For example, if you are looking for natural ways to fight slugs in the garden, try attracting thrushes and hedgehogs, both of which love to snack on slugs.
Here are a few ways to make your garden a home for wildlife of all kinds, with plenty of beneficial effects as a result, not to mention the positive impact on your family’s mental health.
Hedgehogs are high on many gardeners’ ‘would like to meet’ list, so create a mini hedgehog habitat in a quiet corner of your garden for the best chance of receiving a spiky visitor in the night.
You can buy special hedgehog food, but meat-based dog food and cat food (not containing fish) works too, along with a shallow dish of water – you might also want to leave small access holes at the bottom of your fences.
A bird bath can attract many more winged visitors to your garden, perfect for bird watching. Keep it in the shade to prevent it from drying out. This should mean you can rely on rainwater to fill it for longer and also slows algae growth, which thrives in direct sunlight.
If you opt for a moving water feature such as a fountain, it will probably come with a filter in the pump.
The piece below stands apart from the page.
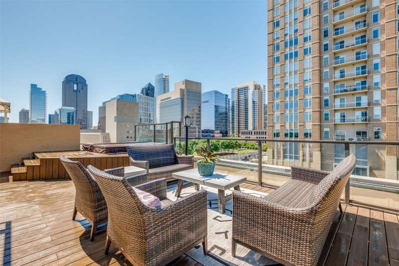Experience luxury living in this immaculate 2-bedroom, 3.5-bath condo spanning 2,150 square feet of beautifully designed space offering 12 ceilings and dramatic details and lighting found only in the finest homes. Perched on the top floor of the iconic Hotel ZaZa, this residence offers breathtaking, unobstructed views of downtown Dallas and the Crescent from your own private cabana and the brand-new rooftop entertainment deck. Enjoy direct access to the hotels world-class amenities, including the spa, fine dining, and vibrant nightlife, perfect for entertaining out-of-town guests or indulging in a quick getaway without ever leaving home. Located with quick access to I-75, the Tollway, and I-35, this property is just steps from premier restaurants, museums, and boutiques. Its also a short drive to Highland Park and Preston Hollow. Live in one of Dallas' most coveted neighborhoods with unmatched style, comfort, and convenience.

The slimy stuff that accumulates on the filter isn’t very pleasant, but it is rich in nutrients, so use it as fertiliser for your flowerbeds.
Wildflowers are equally happy growing in bare soil as they are growing through grass, so it’s up to you whether to make a meadow retained in a flowerbed or scatter seeds on an area of lawn.
Either way, a good mix of wildflowers should attract butterflies and bees into your garden, and thorny teasel can bring in goldfinches, especially in autumn as the tufty flower heads dry out.
You might not use your garden at night, but nocturnal wildlife does, including hedgehogs, foxes and a particular friend to gardeners – bats.
Keep night lighting to a low, plant fragrant night-time flowers and consider putting up a bat box, and you can expect these lovable flying mammals to take up residence, keep the midge and mosquito population under control, and deposit richly fertilising guano on your shrubberies in return.
A compost heap is a great way to make your own fertiliser from garden cuttings, glass clippings and the right kinds of kitchen food waste.
Compost needs to drain, so make sure liquids can run off from the bottom of your compost container – this also leaves somewhere for microbugs to get in and help the digestion along.